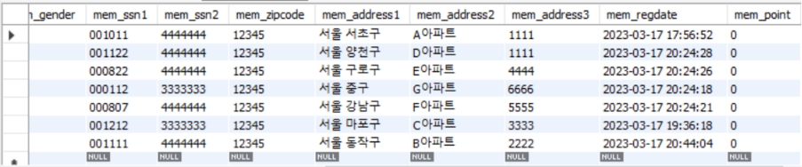 mem_ssn1, mem_ssn2, mem_zipcode, mem_address1, mem_address2, mem_address3 FROM Member
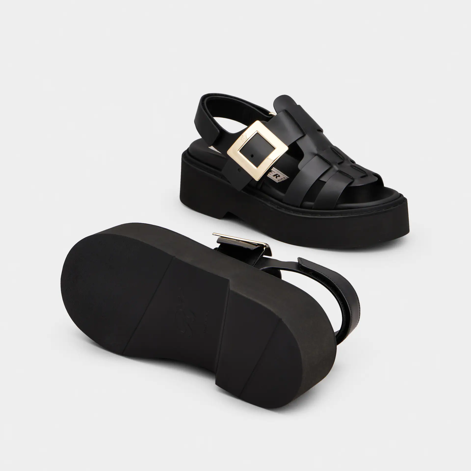 Roger Vivier Viv�� Rangers Sandals In Black Leather With Metal Buckle
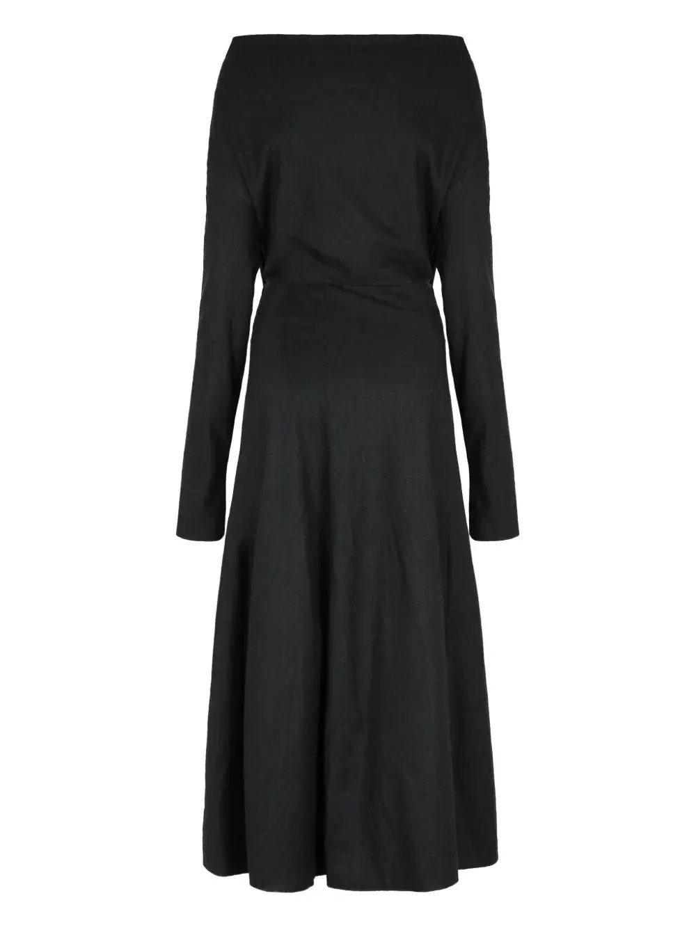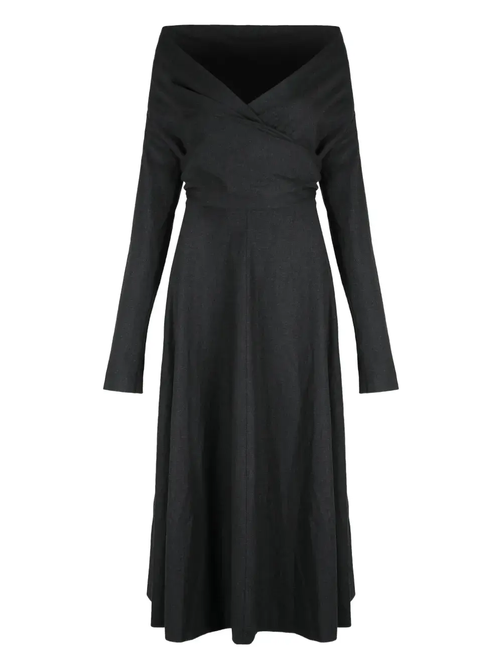 Темно-серое платье с драпировкой, длинными рукавами, открытыми плечами, запахом и длиной ниже колена
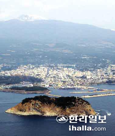 ▲항공에서 바라본 서귀포시와 서귀항 일대 전경. /사진=한라일보 DB
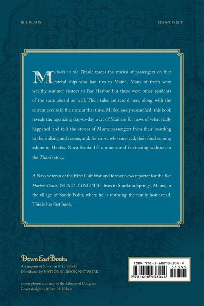 Meticulously researched, this book reveals the agonizing day-to-day wait of Mainers for news of what really happened on the Titanic, and tells the stories of Maine passengers from their boarding to the sinking and rescue; and, for those who survived, of their coming ashore in Halifax, Nova Scotia. It's a fascinating addition to the Titanic story.
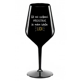 Nerozbitná černá vinná sklenice s motivem UŽ MĚ NEBAVÍ PŘEDSTÍRAT, ŽE MÁM RÁDA LIDI je skvělá na zahradu, pláž, výlet, piknik a parádu udělá i při kempování. Jelikož je vyrobená z kvalitního polykarbonátu je de facto nerozbitná. Je to luxusní kousek, s nímž si víno můžete vychutnat prostě kdekoliv. Mají ergonomický tvar, který příjemně padne do ruky a protože je lehká, usnadňuje to její přenášení. Je snadno skladovatelná a lehce se čistí. Díky svému designu si s ní můžete vychutnat doopravdy kdekoliv bezproblémové pití výborného vína.
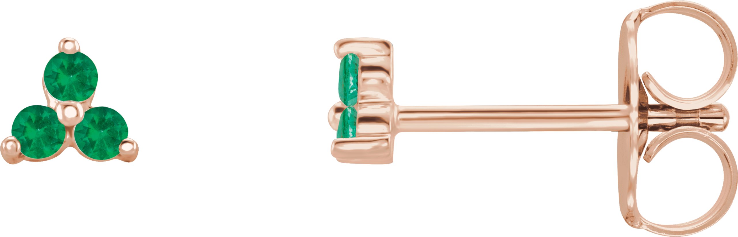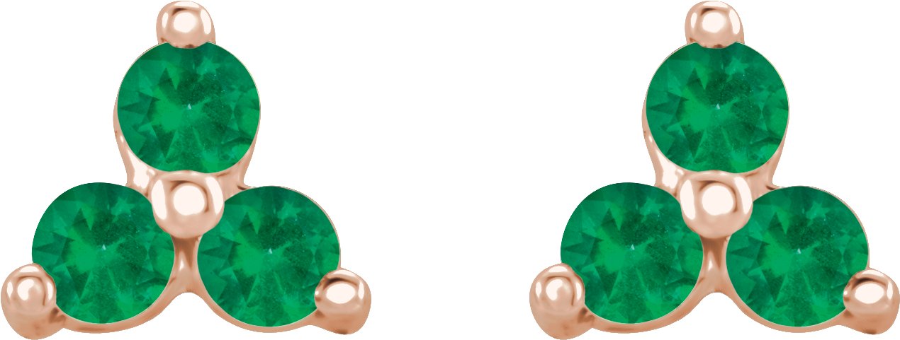14K Rose Natural Emerald Three Stone Earrings Ref 18414595
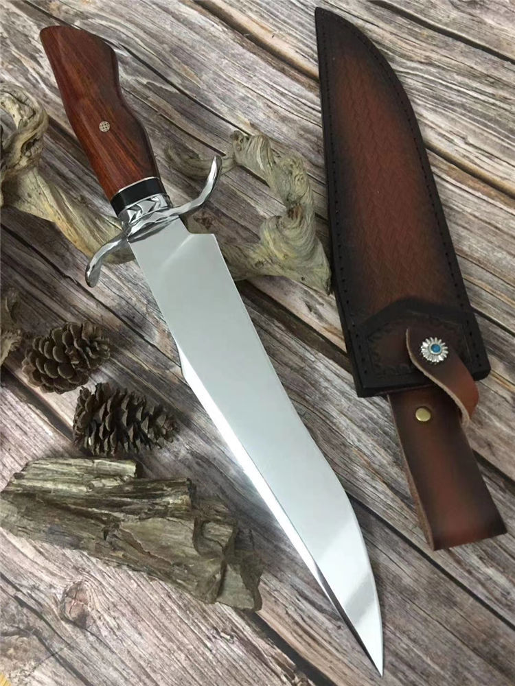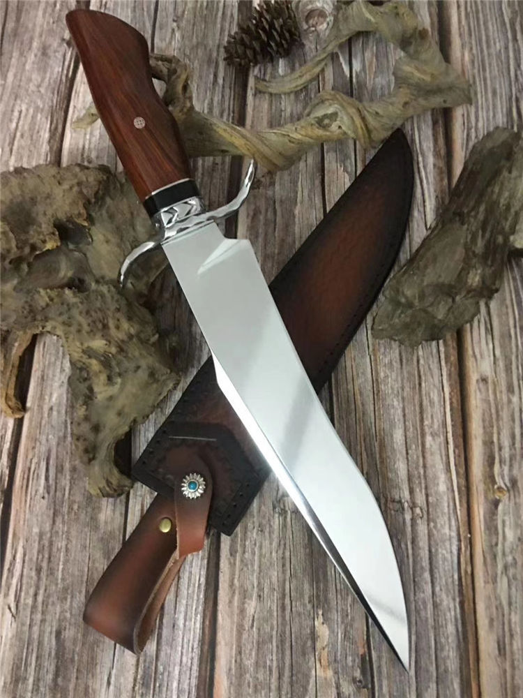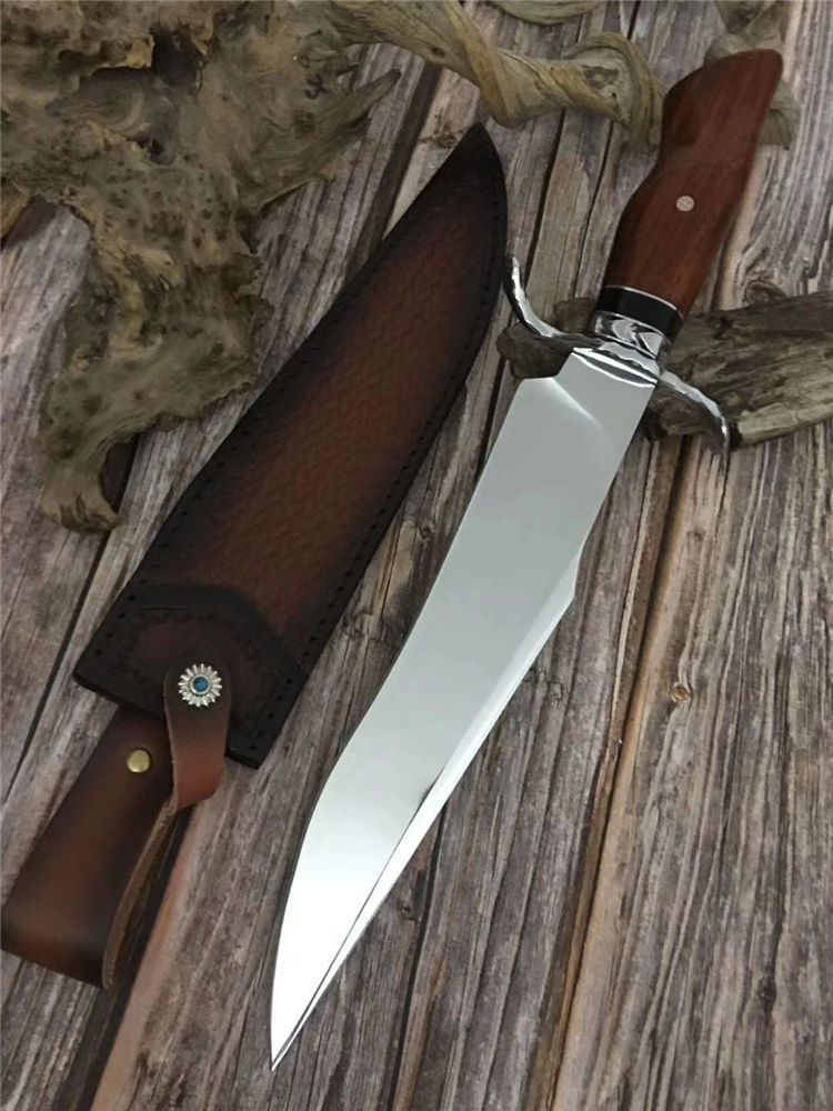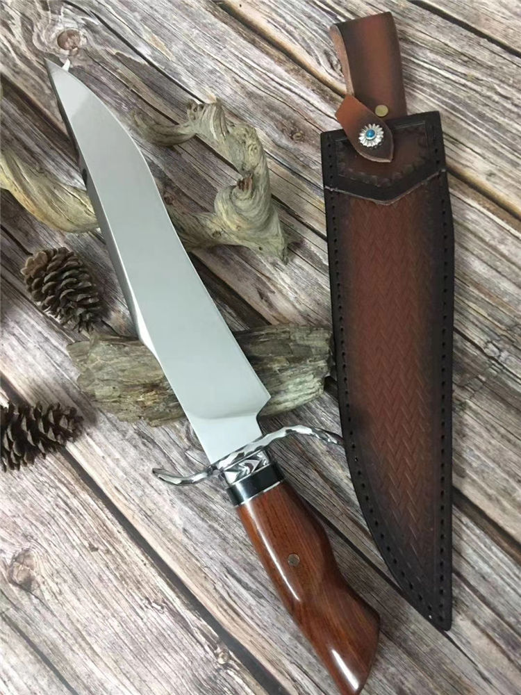 寒冰大型博弈直刀 总长:42.5cm 刃长:28cm 柄长:14cm 宽度:5CM 刃厚:0.6cm 钢材:进口VG10真实钢材 柄材:进口微粒黄檀木 硬度:61HRC 重量:518g净重 热处理:真空深冷热处理 表面效果: 镜光效果可当镜子 护手:430不锈钢电脑CNC 皮套:意大利进口手工雕花手工缝线植鞣皮
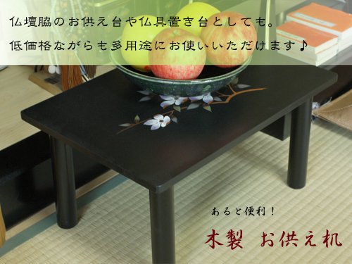 【セール40%off】【送料無料】これは重宝します♪上品な花柄で法事やお盆など経机の脇机としても【お彼岸用にも】お供え机幅45cm 花水木 黒塗 価格: 9,135円 レビュー評価:0.0 レビュー数:0 サイズ幅45cm×奥行30cm×高さ22.5cm 材質MDF木製/黒ウレタン塗送料無料(一部地域・離島を除く)納期入金確認後、午前中までのご注文で即日出荷いたします。(土日祝日を除く)ただし在庫状況によっては、日数がかかる場合がございますので、お急ぎの場合はメール又はお電話にてご確認ください。備考使わないときなどは脚は簡単に取り外しができるので、無駄なスペースがいりません。道具不要のネジ式なので脚が簡単に取り付けできます。可愛くて上品な花柄はお供えとして頂いた果物やお線香を置く台として最適です。 Supported by 楽天ウェブサービス |
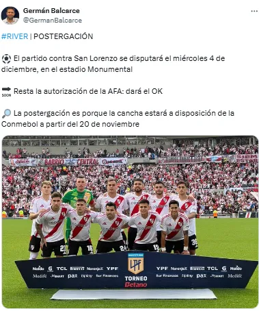 Sin embargo, el periodista Germán Balcarce adelantó que la AFA aprobará una modificación en el calendario para atrasar el clásico. Así, la nueva fecha para el duelo entre River y San Lorenzo será el miércoles 4 de diciembre en el Más Monumental.
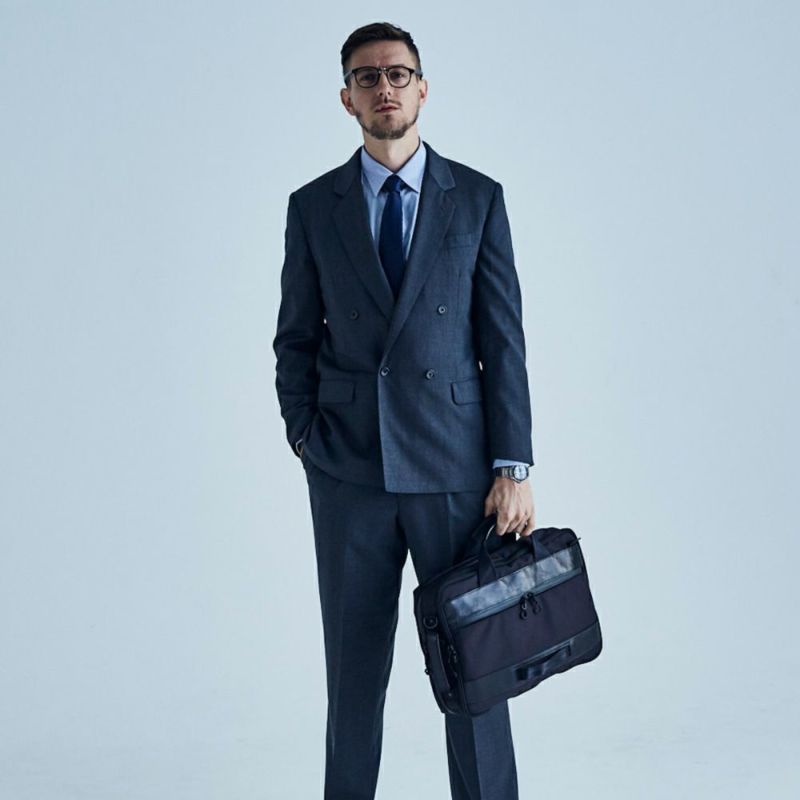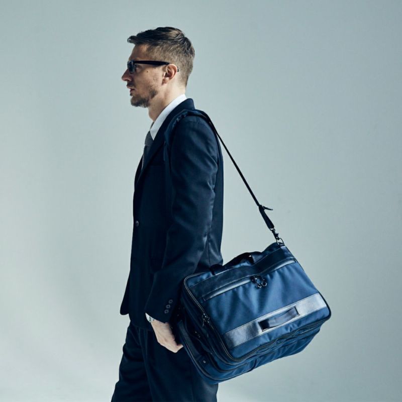 機能的なビジネスBAGとしての十分な性能に加え、脱着式のガーメントケースを備えた大容量のこのモデルは、シチュエーションによって本体のサイズと重量を調整できる革新性で、ビジネスBAGの新境地を切り開きます。(2層式に変換した場合のマチ幅は、150㎜・重量は1,200gとなります。)
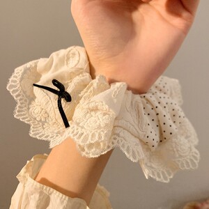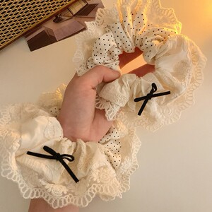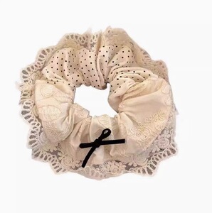 バレエ風花水玉リボンヘビーレース韓国風ヘアゴムかわいいクリームスイートガールヘアロープ女性用
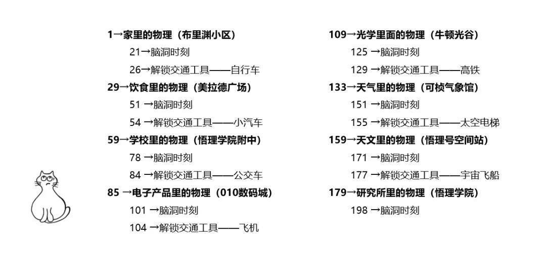 最终,物理君和拉他穿越的薛小喵经历了8个关卡、回答了200多个问题,经历了一场有趣的冒险。
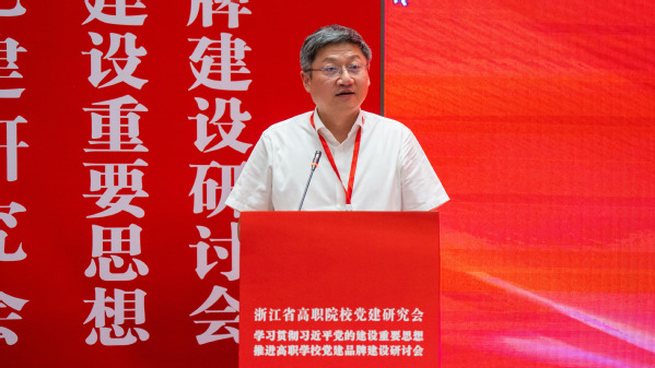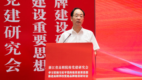 衢州市人民政府副市长邵潘锋致辞。他表示,一直以来,衢州市委市政府高度重视职业教育发展,以市域一体化职教体系打造全国职业教育创新高地,努力打造职业教育高质量发展的“衢州样板”。在扎实推进中央八项规定精神学习教育的关键时期,全省高职院校党建品牌建设研讨会在衢召开,既是对衢州高职院校党建工作的充分肯定,更彰显了新时代党建引领职教发展的使命要求。期待本次会议汇聚思想之光、共筑实践之路,以党建品牌建设为纽带,撬动示范创建与质量创优协同并进,将党建引领的组织优势加速转化为服务地方发展的育人动能,为衢州“工业强市、产业兴市”战略培育更多德技并修的高技能人才。

▶ **ASSIGNED TASK**
Leave out the pictures and repeat exactly the lines from the start of the material through the line that contains "Meticulously researched, this", both included.

▶ **REPLY**
 mem_ssn1, mem_ssn2, mem_zipcode, mem_address1, mem_address2, mem_address3 FROM Member
 Roger Vivier Viv�� Rangers Sandals In Black Leather With Metal Buckle
 Темно-серое платье с драпировкой, длинными рукавами, открытыми плечами, запахом и длиной ниже колена
 ▲항공에서 바라본 서귀포시와 서귀항 일대 전경. /사진=한라일보 DB
 Meticulously researched, this book reveals the agonizing day-to-day wait of Mainers for news of what really happened on the Titanic, and tells the stories of Maine passengers from their boarding to the sinking and rescue; and, for those who survived, of their coming ashore in Halifax, Nova Scotia. It's a fascinating addition to the Titanic story.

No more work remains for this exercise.